WHAT YOU WILL DO: Each record must be repeated exactly. None may be dropped.

DATA TO USE:
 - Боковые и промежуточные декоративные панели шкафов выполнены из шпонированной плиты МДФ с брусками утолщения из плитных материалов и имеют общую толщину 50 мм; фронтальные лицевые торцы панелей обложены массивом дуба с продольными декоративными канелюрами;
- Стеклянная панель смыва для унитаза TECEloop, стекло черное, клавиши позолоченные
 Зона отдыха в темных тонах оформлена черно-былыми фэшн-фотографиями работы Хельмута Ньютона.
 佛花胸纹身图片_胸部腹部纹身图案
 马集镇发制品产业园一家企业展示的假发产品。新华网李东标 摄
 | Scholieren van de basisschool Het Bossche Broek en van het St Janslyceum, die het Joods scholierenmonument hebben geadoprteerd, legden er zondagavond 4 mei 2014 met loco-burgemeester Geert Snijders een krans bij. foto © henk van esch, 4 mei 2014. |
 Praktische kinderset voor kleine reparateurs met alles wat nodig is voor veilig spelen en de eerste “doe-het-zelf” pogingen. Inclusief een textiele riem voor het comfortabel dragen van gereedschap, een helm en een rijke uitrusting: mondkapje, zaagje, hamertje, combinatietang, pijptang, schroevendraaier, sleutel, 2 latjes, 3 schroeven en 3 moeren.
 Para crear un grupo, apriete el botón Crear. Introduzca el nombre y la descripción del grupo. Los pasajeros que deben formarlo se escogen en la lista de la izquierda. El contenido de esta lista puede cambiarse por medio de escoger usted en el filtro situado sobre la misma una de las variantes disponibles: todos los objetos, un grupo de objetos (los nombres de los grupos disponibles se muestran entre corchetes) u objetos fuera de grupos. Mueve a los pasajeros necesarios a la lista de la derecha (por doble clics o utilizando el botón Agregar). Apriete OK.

EXERCISE RESPONSE:
 - Боковые и промежуточные декоративные панели шкафов выполнены из шпонированной плиты МДФ с брусками утолщения из плитных материалов и имеют общую толщину 50 мм; фронтальные лицевые торцы панелей обложены массивом дуба с продольными декоративными канелюрами;
- Стеклянная панель смыва для унитаза TECEloop, стекло черное, клавиши позолоченные
 Зона отдыха в темных тонах оформлена черно-былыми фэшн-фотографиями работы Хельмута Ньютона.
 佛花胸纹身图片_胸部腹部纹身图案
 马集镇发制品产业园一家企业展示的假发产品。新华网李东标 摄
 | Scholieren van de basisschool Het Bossche Broek en van het St Janslyceum, die het Joods scholierenmonument hebben geadoprteerd, legden er zondagavond 4 mei 2014 met loco-burgemeester Geert Snijders een krans bij. foto © henk van esch, 4 mei 2014. |
 Praktische kinderset voor kleine reparateurs met alles wat nodig is voor veilig spelen en de eerste “doe-het-zelf” pogingen. Inclusief een textiele riem voor het comfortabel dragen van gereedschap, een helm en een rijke uitrusting: mondkapje, zaagje, hamertje, combinatietang, pijptang, schroevendraaier, sleutel, 2 latjes, 3 schroeven en 3 moeren.
 Para crear un grupo, apriete el botón Crear. Introduzca el nombre y la descripción del grupo. Los pasajeros que deben formarlo se escogen en la lista de la izquierda. El contenido de esta lista puede cambiarse por medio de escoger usted en el filtro situado sobre la misma una de las variantes disponibles: todos los objetos, un grupo de objetos (los nombres de los grupos disponibles se muestran entre corchetes) u objetos fuera de grupos. Mueve a los pasajeros necesarios a la lista de la derecha (por doble clics o utilizando el botón Agregar). Apriete OK.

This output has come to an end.